# Caterpillar soap cutting station



## bookworm (Aug 29, 2021)

Hi AliOop,

I'm curious if you've purchased this item and what your verdict is.

Has anyone else bought one?

The video looks impressive.









						"Caterpillar" soap cutting station
					

Meet the "Caterpillar" - a cutter and log splitter all in one!  Instantly set to a log splitter position using a portable cutting handle and make very precise cuts. Transforms to a single bar cutter in seconds! Dimensions: Overall: 20''Lx5.5''Wx7''H Cutting area: 5''Wx5.5''H Log splitter: Min...




					customcrafttools.com
				




Thank you very much.


----------



## melonpan (Aug 30, 2021)

Not @AliOop , but I just remembered that I've seen this in a video I watched recently from Tree Marie Soapworks. It looks great:


----------



## bookworm (Aug 31, 2021)

Thank you for this @melonpan. Seems like a good endorsement from her.


----------



## TennisGirl (Aug 31, 2021)

That looks pretty cool and the coupon code is nice too.


----------



## AliOop (Aug 31, 2021)

Sorry for the late reply! I haven't ordered mine yet (super busy with life and work) but hoping to do so soon. Yes, Tree Marie has a 5% coupon code on her video!


----------



## bookworm (Aug 31, 2021)

Thank you, just letting you know that when I went on the live chat to enquire about shipping costs, I was emailed a 10% off  discount code.


----------



## AliOop (Aug 31, 2021)

Wow, thanks for sharing that. I'll make sure to chat before I order.


----------



## earlene (Jul 17, 2022)

Currently 10% off through end of July per Alex in online chat today:  Use code *June2022* at checkout.  No more free shipping due to the expense for them, so this is the perfect time to order and offset the shipping cost with this discount.

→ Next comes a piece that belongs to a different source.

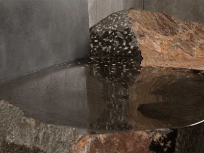 Raw volcanic stone is paired with precision-cut steel, the two materials existing side by side without compromise. The stone is often left untouched or cut to reveal its hidden textures, while the steel provides clean, linear counterpoints. Park resists forcing one material to adapt to the other, instead allowing tension and harmony to emerge from their coexistence.

Obviously, I placed an order.  I had to set it to ship to my son's house, since we trekking around the Southern states for a bit, but I okay that with my son.  It will be nice to come home to the packages upon our return.  It was the Caterpillar that I ordered plus the Cheshire Cat.  Like I really NEED more stuff, right?   But I really want these items!

I was really tempted to order a few other things, but at least I showed some restraint.


----------



## dibbles (Jul 17, 2022)

I bought myself a caterpillar as a birthday gift this year and it is wonderful. It arrived fairly quickly, so I think they had some already made. I just want to mention that historically Custom Craft Tools has a long turn around time between orders placed and shipping the items out. I'm talking weeks. You might get a shipping notice, and most of the time that means they are beginning to make your item. I just don't want anyone to be upset that something they ordered weeks ago hasn't yet been received. Don't get me wrong - the products are worth waiting for and very high quality. It's just not a vendor that has lots of stock ready to go. I think it is also somewhat dependent on the item. I ordered a mold on June 30, and haven't yet received a shipping notice, so it will be probably a month from the time it was ordered until it is received. They sponsored the Soap Challenge Club last month and offered a discount code, so I have a feeling they are extra busy right now as well.


----------



## WhittanyWho (Jul 17, 2022)

dibbles said:


> I bought myself a caterpillar as a birthday gift this year and it is wonderful. It arrived fairly quickly, so I think they had some already made. I just want to mention that historically Custom Craft Tools has a long turn around time between orders placed and shipping the items out. I'm talking weeks. You might get a shipping notice, and most of the time that means they are beginning to make your item. I just don't want anyone to be upset that something they ordered weeks ago hasn't yet been received. Don't get me wrong - the products are worth waiting for and very high quality. It's just not a vendor that has lots of stock ready to go. I think it is also somewhat dependent on the item. I ordered a mold on June 30, and haven't yet received a shipping notice, so it will be probably a month from the time it was ordered until it is received. They sponsored the Soap Challenge Club last month and offered a discount code, so I have a feeling they are extra busy right now as well.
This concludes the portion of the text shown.